Грабли были колхозные, деревянные, двадцать две штуки на тридцать человек, и четыре из них были хорошие, с целыми зубьями. За хорошие шла война.
Кузнецова обвинила Сорокину в том, что та прячет грабли в тальнике, а утром достаёт.
Сорокина в ответ вспомнила восемьдесят первый год и какое-то ведро.
Дальше выяснилось, что ведро было ни при чём, а при чём курица, и курицу эту, оказывается, помнят до сих пор, и тянется всё с семьдесят девятого.
Мужики слушали с наслаждением.
— Ты слушай, — шептал Мишка. — Сейчас про мужа будет.
Про мужа было.
Разняла их моя мать: подошла, взяла две пары граблей и унесла в телегу, и обе замолчали и пошли за ней.
После обеда лезли в речку.
Речка была мелкая, по грудь, вода в ней в июне уже нагрелась, и в омуте под ольхой купалось человек двадцать, и оттуда стоял визг, потому что там же купались бабы, только чуть ниже по течению, и это разделение соблюдалось строго, но не идеально.
А кто-то в первый же день утопил чужие сапоги.
Сапоги были Твердохлеба, кирзовые, стоявшие на берегу. Их нашли на дне через час, вытащили, вылили воду, и Твердохлеб ходил в них до вечера мокрый и молчал так выразительно, что всем было неловко.
Кто утопил — не выяснили.
Мишка знал, но не сказал.
Тонька гребла в бабьем ряду, ближе к речке.
Витька возил воду на телеге и в среду простоял у этого ряда дольше, чем требовалось, и она смеялась и махала на него граблями, и уехал он только когда на него зашумели.
Я посмотрел через весь луг и вернулся в прокос.
Гошку Тюрина на сенокос пригнали как всех.
Летом котельная стоит, кочегар не нужен, и Гошку с мая гоняли то на подсобные, то на ферму, а в июне поставили косить.
Он пришёл на луг со своей косой, и коса у него была ни к чёрту.
Я это увидел на второй день. Он шёл в паре с Мещеряковым, отставал шагов на десять и всё время останавливался и точил, и точил не так, и от этого получалось только хуже.
— Гош.
— А?
— Дай гляну.
Он отдал.
Косу эту, судя по всему, не отбивали года три.

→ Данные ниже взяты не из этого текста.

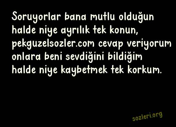 Soruyorlar bana mutlu olduğun halde niye ayrılık tek konun, cevap veriyorum onlara beni sevdiğini bildiğim halde niye kaybetmek tek korkum. ( Susturucu Anlamlı Kapak Sözler )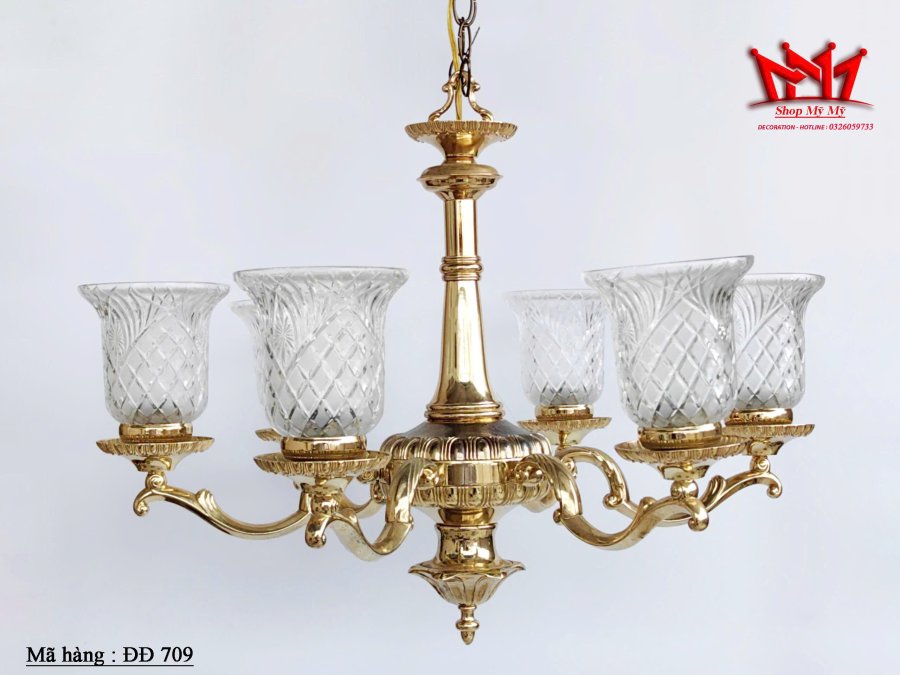 Chiếc đèn chùm treo trần bằng kim loại chụp thuỷ tinh sang trọng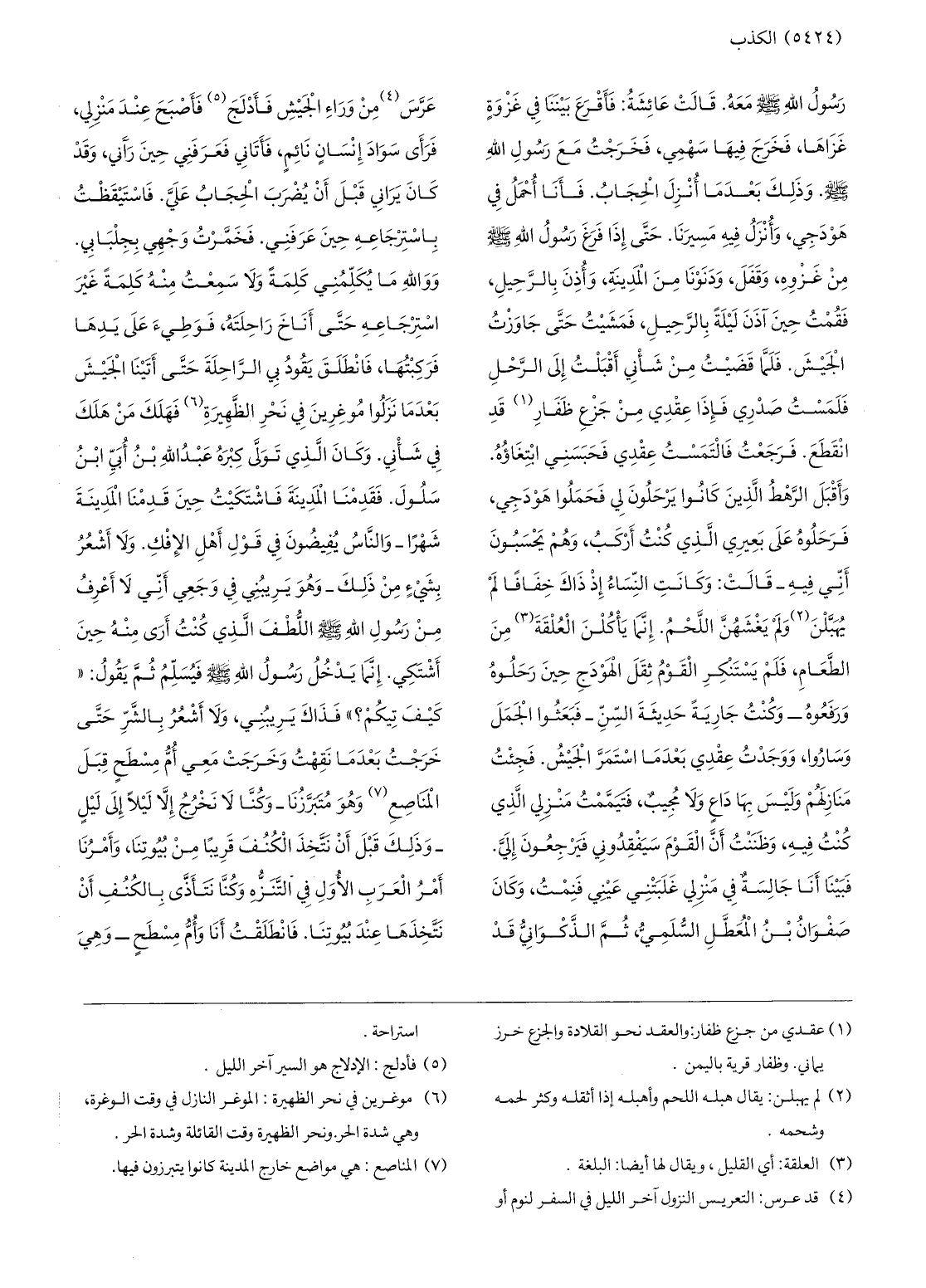 فخمّرت وجهي بجلبابي. وو الله ما يكلّمني كلمة ولا سمعت منه كلمة غير استرجاعه حتّى أناخ راحلته، فوطيء على يدها فركبتها، فانطلق يقود بي الرّاحلة حتّى أتينا الجيش بعد ما نزلوا موغرين في نحر الظّهيرة «6» فهلك من هلك في شأني. وكان الّذي تولّى كبره عبد الله بن أبيّ ابن سلول. فقدمنا المدينة فاشتكيت حين قدمنا المدينة شهرا- والنّاس يفيضون في قول أهل الإفك. ولا أشعر بشيء من ذلك- وهو يريبني في وجعي أنّي لا أعرف من رسول الله صلّى الله عليه وسلّم اللّطف الّذي كنت أرى منه حين أشتكي. إنّما يدخل رسول الله صلّى الله عليه وسلّم فيسلّم ثمّ يقول: «كيف تيكم؟» فذاك يريبني، ولا أشعر بالشّرّ حتّى خرجت بعدما نقهت وخرجت معي أمّ مسطح قبل المناصع «7» وهو متبرّزنا وكنّا لا نخرج إلّا ليلا إلى ليل- وذلك قبل أن نتّخذ الكنف قريبا من بيوتنا، وأمرنا أمر العرب الأول في التّنزّه وكنّا نتأذّى بالكنف أن نتّخذها عند بيوتنا.
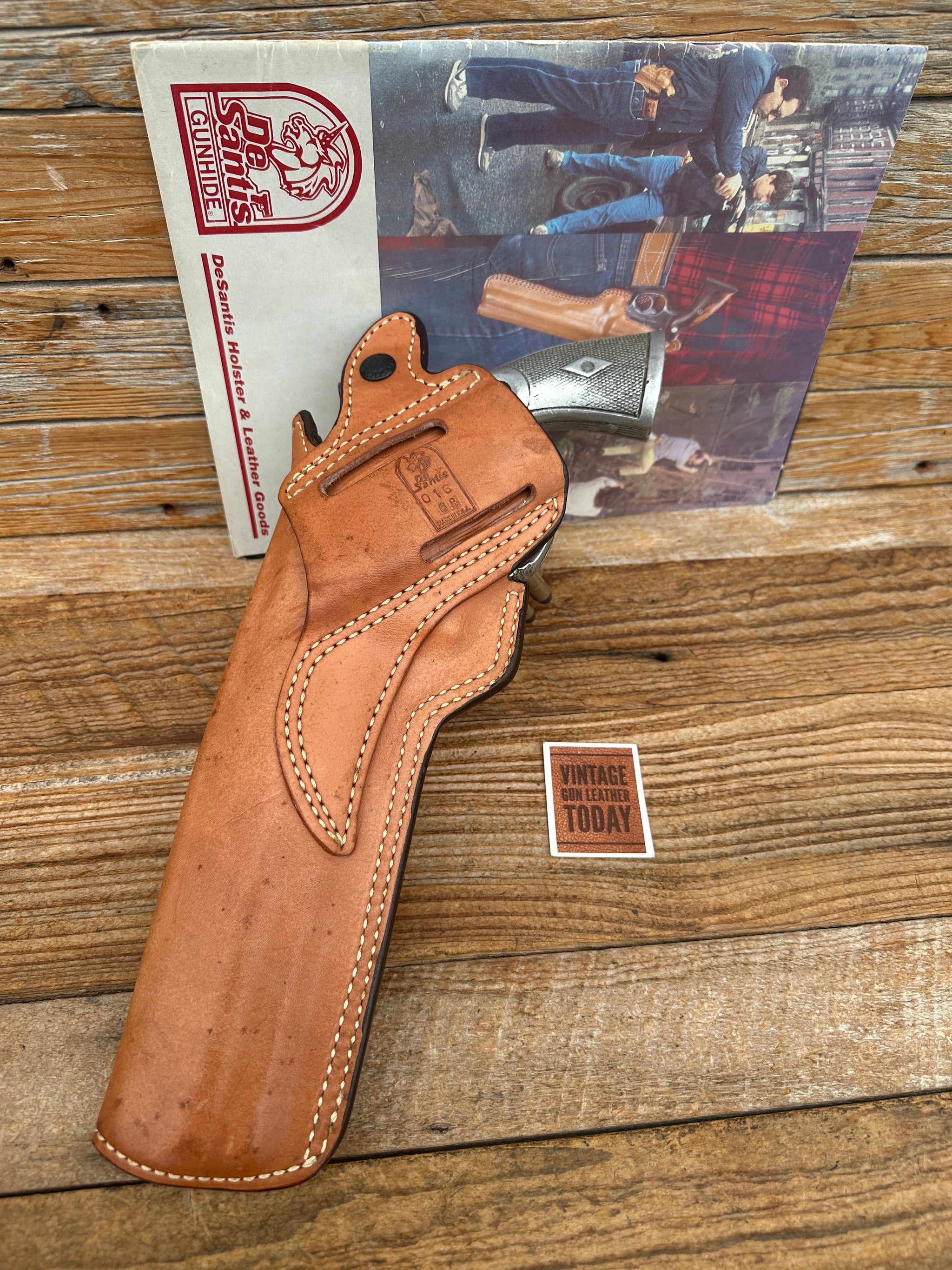 Desantis vintage Dual Angle Hunter. Holster is brown leather and can be worn strong side on a belt up to 2" or cross draw on a belt up to 1 1/2" for a Right handed shooter. Holster is for a 6" Smith & Wesson Classic 8.375". This is the early version with light tan suede interior and thicker leather. This holster is no longer offered by Desantis for this size revolver..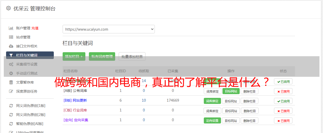 做跨境电商和国内电商,我们最先从传统外贸做起。这么多年过去了,其实网上销售的整套运营理念还是有很多研究的。真的,做了这么久,你会发现平台其实都差不多,或者说是可以互通的。做了一个平台之后,再用同样的思路和思路去搭建另一个平台,大体上值得借鉴!

Жало было толстое и волной, брусок по нему просто ездил.
— Она у тебя не режет.
— Да я знаю. — Гошка вытер лицо рукавом. — Она старая.
— Она не старая, она отбитая плохо. Давай отобью.
— Да ну.
— Давай, мне не трудно.
Я сел на кочку, поставил бабку в чурбак и отбил ему косу — минут двадцать, не торопясь, потому что там правда было волной и надо было вытягивать.
Гошка сидел рядом на корточках и смотрел.
Мужик он был лет сорока, худой, с провалившимися щеками и с руками, которые мелко тряслись с утра и переставали трястись часам к двум. Трезвый он был тихий и вежливый до неловкости.
— Держи.
Он попробовал ногтем, потом травинкой.
— О-о.
Он прошёл прокос — короткий, метров пятнадцать, — и обернулся ко мне с таким лицом, что я засмеялся.
— Ну?
— Она сама идёт! — Гошка развёл руками. — Петь, она сама идёт!
— Так она и должна.
— Я ж думал, это я не умею.
Он ушёл в свой прокос и до вечера не останавливался ни разу.
А в тот же день, в обед, к нему пришла жена.
Она принесла ему еду отдельно, в узелке, хотя всех кормили с телеги, — принесла и села рядом, и он ел, а она смотрела и что-то ему говорила, негромко.
Я её раньше не видел близко.
Обыкновенная женщина лет тридцати пяти. Полная в талии, как бывает после двоих. Платок, кофта, юбка, резиновые тапки на босу ногу. Лицо усталое и спокойное.
Она посидела с ним минут двадцать, забрала узелок и пошла обратно в село, и на полдороге к ней подбежала девочка — маленькая совсем, лет трёх, — и она взяла её на руки и понесла.
— Верка, — сказал кто-то рядом. — Обеды носит.
— Ну и хорошо.
— Хорошо, — согласился тот же голос.
Так шла неделя.
Косили, гребли, возили. К пятнице поставили первые четыре стога, и вот стога — это была отдельная наука, в которой я не понимал ничего.
Стог мечет один человек, наверху. Все остальные подают.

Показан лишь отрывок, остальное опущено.